Accusing you of remembering wrong or making up things that happened. Diverting or avoiding talking about certain topics. Claiming that you overreact or that you are too sensitive. Acting as if they do not understand what you are saying. Refusing to talk about their behavior.

For instance, if you have recently realized that your partner has been purposely doing things to make you second guess yourself, you should try to leave the relationship. Talk to someone close to you about helping you leave. For example, you might tell your sibling, “Could you help me. I’m being gaslighted and I need to get out of the situation. ” Ask a counselor, therapist, or other professional to help you get out of the situation. Contact a crisis hotline for assistance with leaving your situation. They can connect you with other resources.

There are several different types of meditation that you can use to relieve you stress. You might try mindfulness, yoga, concentration or another type. Practice visualizing yourself some place peaceful. Picture yourself in detail. For example, picture your relaxed forehead and chin. Visualize the smile on your face and the happiness in your eyes.

For instance, if you notice that you are feeling nervous about how you look because your partner used to always critique your outfit choices, you should address your feelings. When you find yourself feeling anxious try calming yourself by using mindfulness techniques. Be present in the moment. Acknowledge and accept what you are feeling without judgment. Focus on your breathing by thinking ‘in’ when you inhale and ‘out’ when you exhale, if you are in the middle of an anxiety attack.

For example, you may notice that during your relationship, and now, that you are having trouble completing daily tasks, feeling fatigued, or you like you don’t have energy or interest in anything. Learn about the symptoms of depression that you may not be aware of like unexplained physical problems, trouble concentrating, changes in appetite, or changes in sleeping habits. Consider seeking professional help for treatment options that can help you cope with depression. A professional can help you determine if you might want to try medication, therapy, or another treatment. Develop ways to cope with your depression in everyday life. For example, create a schedule or routine for yourself and stick to it. You should also avoid drinking alcohol or using other substances to help you cope.

Get a new phone number, and ask the phone company to keep it unlisted, so that your name does not show up on caller ID. If you’re worried that they will hurt you, you can get a restraining order. Let your neighbors and work know about the order. You may need to move to a new home. If you decide not to move, you should at least change the locks.

Start with small things. For example, listen to yourself about whether you are hungry or tired or not. Say to yourself, “I can trust myself to know when I need to rest. It’s small, but it is trusting myself. ” Don’t feel as though you need to rush to make a decision or give that power to someone else. Tell yourself, “I can take my time and see how I feel about my options before I make a decision. ” Tell yourself, “I can trust myself and listen to my own judgment” when you start to doubt yourself.
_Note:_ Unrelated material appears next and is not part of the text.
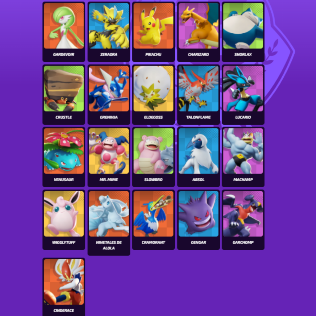 E quem são os Pokémon iniciais do game?  No lançamento eram 20 Pokémon disponíveis, mas outros estão a caminho e continuarão sendo adicionados. Os 20 primeiros são: Absol; Blastoise; Blissey; Charizard; Scorbunny; Cramorant; Crustle; Eldegoss; Garchomp; Gardevoir; Gengar; Greninja; Lucario; Machamp; Mr. Mime; Ninetales (Alolan); Pikachu; Slowbro; Snorlax; Talonflame; Venusaur;Wigglytuff; e Zeraora. Além disso, os Pokémon são de diferentes grupos. Temos os supporter, all-rounder, attacker,defender e speedster.

Try to re-establish trust with one or two people close to you first. Pick people that you know have always been there for you and who support you. For example, you might turn to a family member. Use these people as fact checkers. For example, if your sister tells you that you look nice, you can ask your mom if your sister is telling the truth or not.
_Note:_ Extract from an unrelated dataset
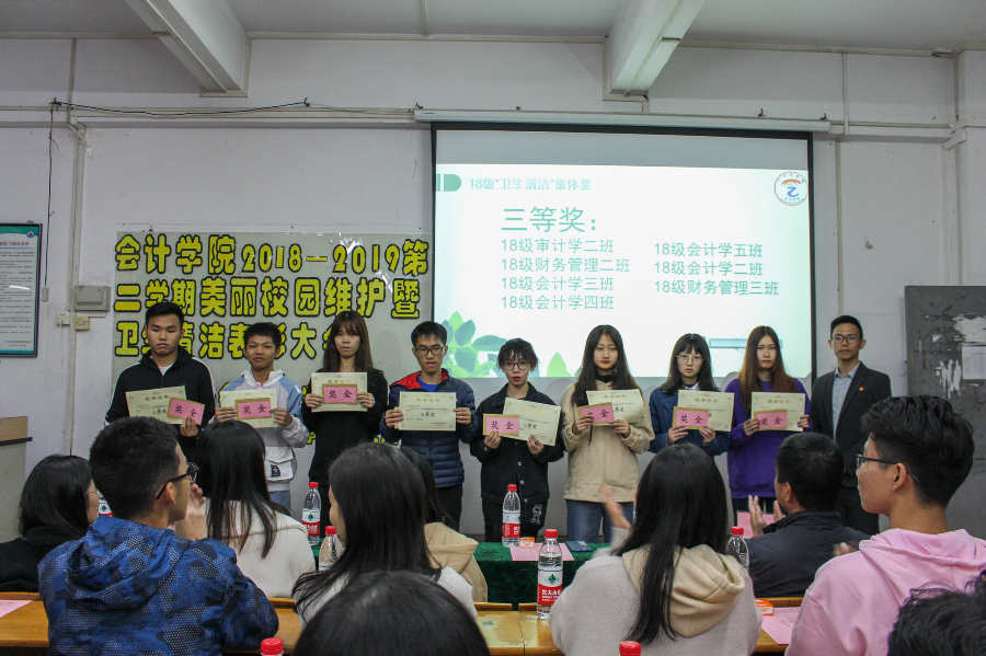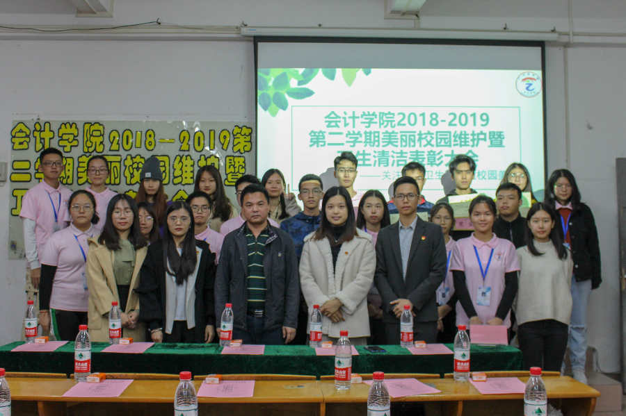 为进一步促进学校“文明、修养、形象”教育活动向纵深发展,共同维护和营造美丽的校园卫生环境,鼓励广大学子积极参与校园卫生的清洁工作,会计学院学生会近日举行会计学院2018-2019第二学期美丽校园维护暨课室卫生清洁表彰大会。学院党总支书记钟远辉、团委书记廖秀娟、学生会指导老师张振华、辅导员邓雪梅、陈欣及班级实践委员参加本次表彰大会。

Write it down when you make a decision and it turns out to be the right choice. For instance, you might write it down if you decided to bring your umbrella on a sunny day that turned into a major rain. Make a journal entry when other people do things that re-affirm your trust in them. For example, if your friend follows through on what he said he would do, then write it down.

Make a list of the good things about you in your journal and use some of the words on the list when you are talking to yourself. Instead of calling yourself forgetful, crazy, stupid, or pitiful, say things like, “I’m a worthy person. I have a lot of good qualities and I can trust myself. ”
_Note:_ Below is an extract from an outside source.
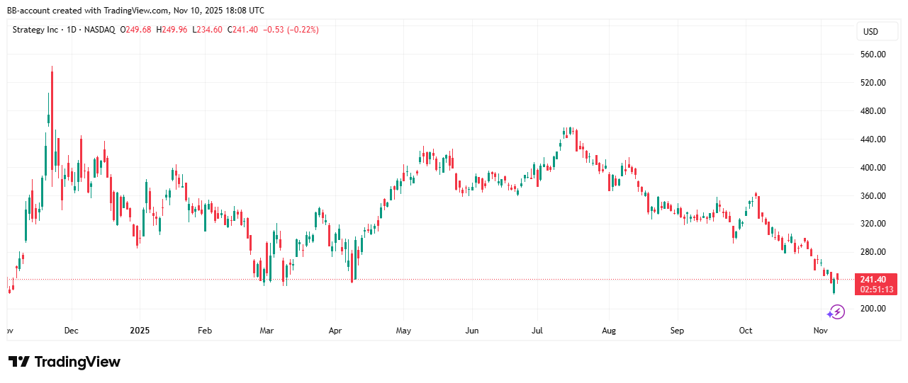 In de onderstaande grafiek zien we het koersverloop van Strategy:

Take at least five minutes each day to do something just because it puts a smile on your face. For example, do some mirror karaoke as you are getting ready in the morning. Make an effort to try things you used to enjoy but haven’t been able to do in a while. For example, if you used to love playing the piano, go take a couple of refresher classes and see if the love is still there.

Participate in physical activity like yoga, martial arts, or even going for a daily walk. Eat nutritious meals and snacks each day to give your body the energy you need to recover from gaslighting. Make sure you are getting enough rest. It will be easier to trust your own judgment and begin making your own decisions again when you are well-rested, energized, and able to focus.

For example, if the gaslighting happened during a long-term relationship, seeking professional help can assist you in identifying and dealing with effects of the abuse. Even if it was a short-lived relationship, adding a professional to your support team can help teach you coping strategies. Talk to a counselor about what you have been through. You can ask your physician, human resources representative, or school counselor for a referral to a counselor. If you are experiencing anxiety or depressive symptoms or other significant problems coping, a counselor can discuss treatment options with you.

Ask someone close to you to just spend time with you. You all don’t have to go anywhere or do anything. Try saying, “Can we spend a little time together just chilling?” Accept their invitations when friends and family members ask you to go places with them. Start out spending small amounts of time together. For example, go for a frozen yogurt or a cup of coffee.

Check with organizations in your community for victims of domestic abuse, your religious leader, or a mental health professional for suggestions on finding a support group near you. Consider joining an online forum or support group if you aren’t able to attend an in-person support group.